Give the lines again exactly as they appear below, from the line with "Kadın hareketi öncülüğünde" to the line with "她積極參加各項職業(yè)技", both included, and only those lines. Leave every picture out.

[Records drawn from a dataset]
= = = = = = =
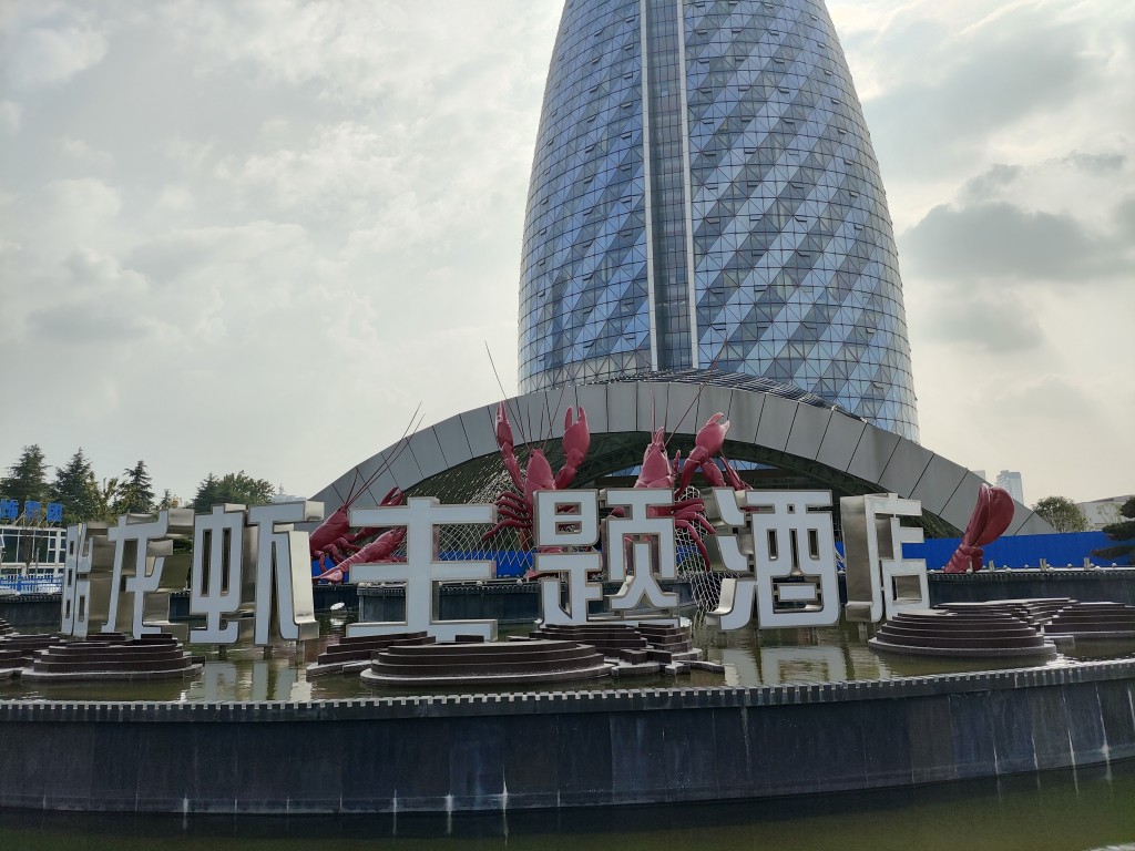 远处的高楼,也被打造成了龙虾主题酒店,玻璃幕墙的建筑前,几只大龙虾雕塑格外显眼,整个盱眙,好像都在向小龙虾 “致敬”,每一处细节都在诉说着这座小城对小龙虾的偏爱。
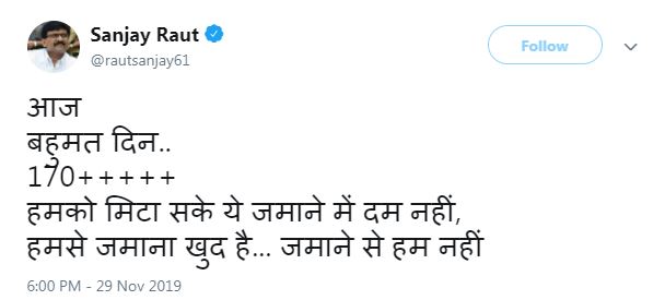 वहीं,शिवसेना के नेता संयज राउत ने ट्वीट कर 170 से अधिक विधायकों के समर्थन का दावा किया है। उन्होंने ट्वीट कर कहा कि आज बहुमसाबित करने का दिन 170+++++……..। आगे लिखा कि हमको मिटा सके ये जमाने में दम नहीं, हमसे जमाना खुद है… जमाने से हम नहीं।
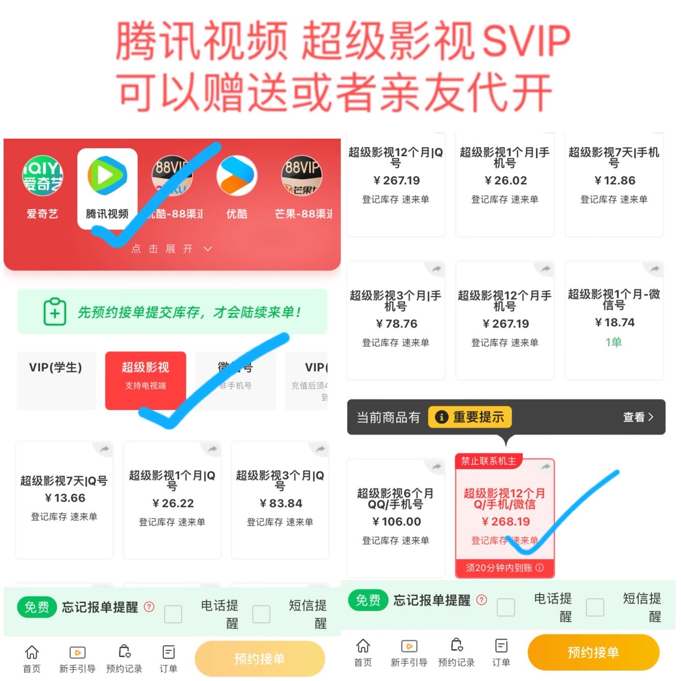 1️⃣别冲错号,冲错会员
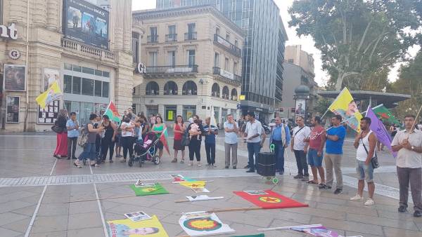 Kadın hareketi öncülüğünde organize edilen anma etkinliği Montpellier’in en işlek meydanı olan COMEDIE’de yapıldı.
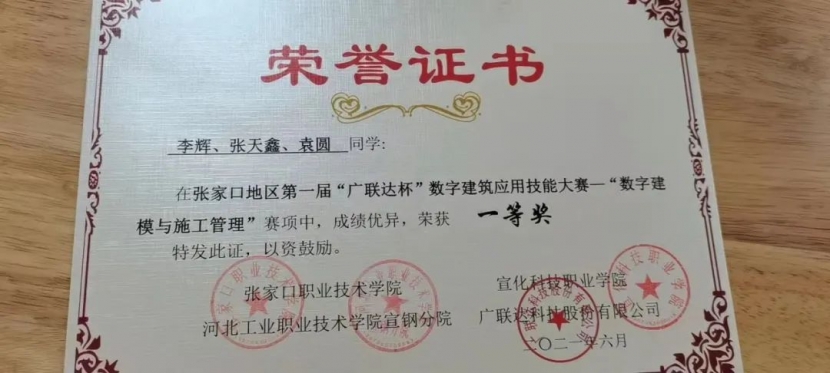 她積極參加各項職業(yè)技能大賽,并獲得2021年河北省“1+X”數(shù)字建模及施工應(yīng)用大賽三等獎,張家口“廣聯(lián)達(dá)杯”數(shù)字建筑應(yīng)用技能大賽一等獎;2022年再次報名參加2022年河北省“1+X”數(shù)字建模及施工應(yīng)用大賽和河北省第一屆職業(yè)技能大賽C80建筑信息建模(世賽),目前正在積極努力備賽。
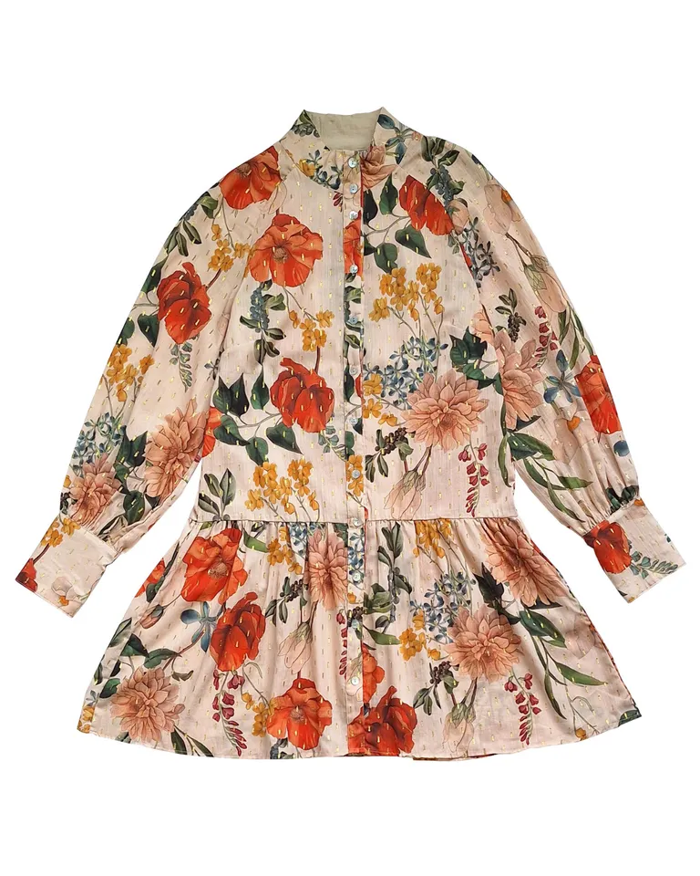 Vestido corto de estilo romántico con diseño floral, cuello alto y cierre frontal de botones. Presenta mangas largas con puños ajustados y un detalle de volado en la parte inferior que aporta movimiento. Una prenda versátil y delicada para el guardarropa femenino, ideal para diversas ocasiones de uso.
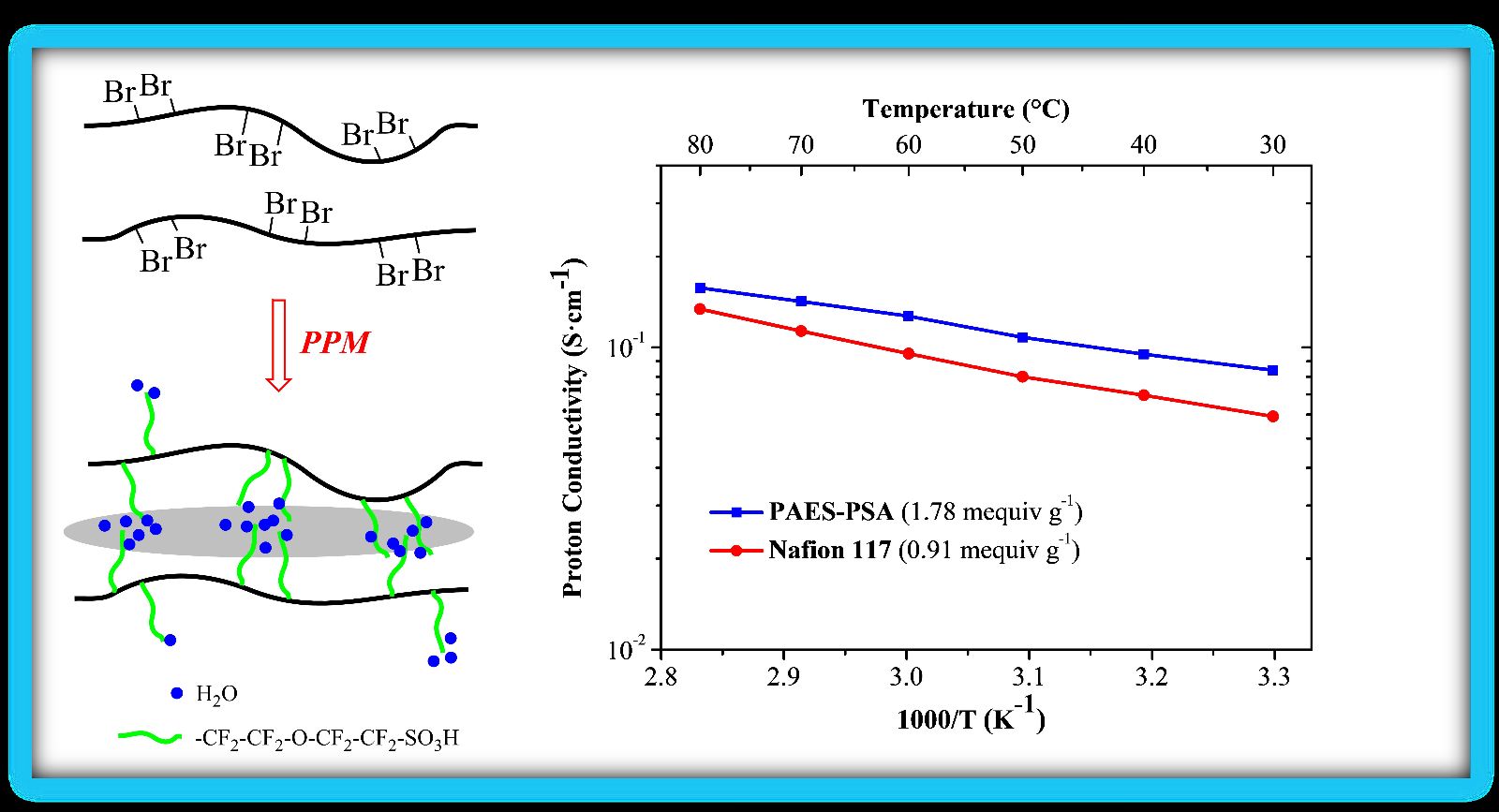 近几年,研究发现用全氟磺酸基团(Rf-SO3H)替换磺酸基团(-SO3H),可以更好的平衡质子交换膜的稳定性与质子传导率之间的关系,因为Rf-SO3H比-SO3H具有更高的酸性,有利于质子传输通道的形成。因此,我们的工作就集中在将全氟磺酸引入到高性能的聚芳醚砜的侧链上,为质子交换膜燃料电池的进一步发展提供思路。
= = = = = = =
**RESPONSE TO THIS TASK**
 Kadın hareketi öncülüğünde organize edilen anma etkinliği Montpellier’in en işlek meydanı olan COMEDIE’de yapıldı.
 她積極參加各項職業(yè)技能大賽,并獲得2021年河北省“1+X”數(shù)字建模及施工應(yīng)用大賽三等獎,張家口“廣聯(lián)達(dá)杯”數(shù)字建筑應(yīng)用技能大賽一等獎;2022年再次報名參加2022年河北省“1+X”數(shù)字建模及施工應(yīng)用大賽和河北省第一屆職業(yè)技能大賽C80建筑信息建模(世賽),目前正在積極努力備賽。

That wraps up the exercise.